_WORK TO BE COMPLETED_
Copy exactly. Include the line containing "2セット 説明書x 1冊", every line after it, and the last line below, but no pictures.

_INFORMATION PROVIDED_
++++++++++++++++++++
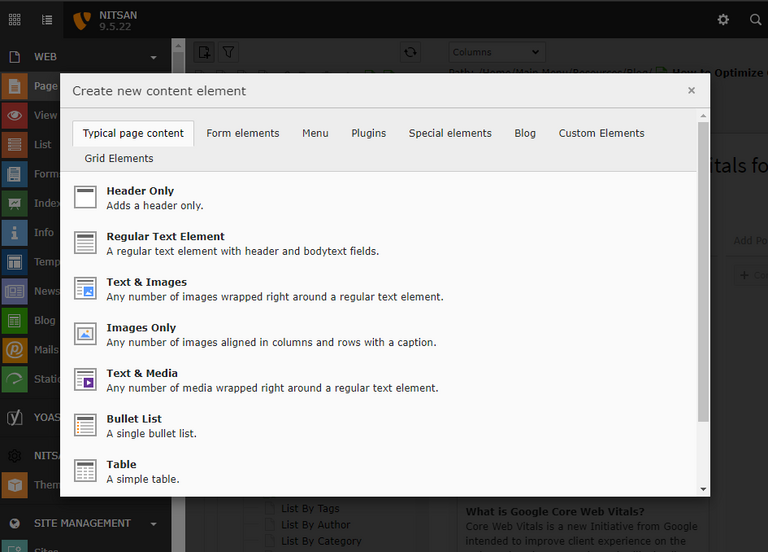 TYPO3 Core Element
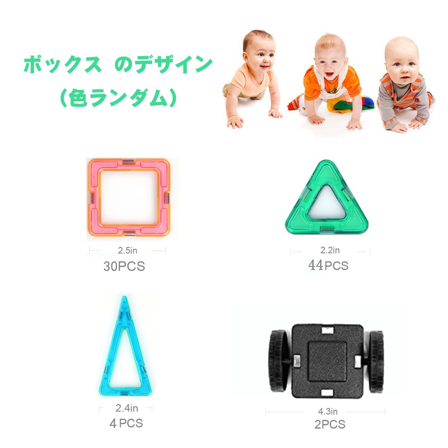 ★カラー:マルチカラー(ランダム送信)正方形 x 30個、三角形x 44個 長三角形x 4個 車輪 x 2セット 説明書x 1冊
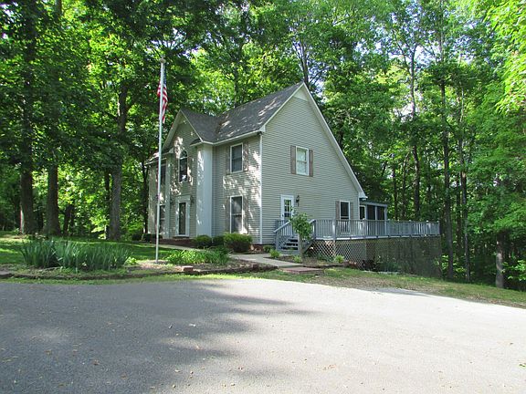 3BR, 2 1/2 bath home on 3.67 acres. Home has large living room, eat-in kitchen, dining room, master bedroom downstairs with 2 additional bedrooms upstairs, loft area overlooking living room, screened in deck has beautiful views of wooded 3.67 acres.
++++++++++++++++++++
_OUTPUT OF THE TASK_
 ★カラー:マルチカラー(ランダム送信)正方形 x 30個、三角形x 44個 長三角形x 4個 車輪 x 2セット 説明書x 1冊
 3BR, 2 1/2 bath home on 3.67 acres. Home has large living room, eat-in kitchen, dining room, master bedroom downstairs with 2 additional bedrooms upstairs, loft area overlooking living room, screened in deck has beautiful views of wooded 3.67 acres.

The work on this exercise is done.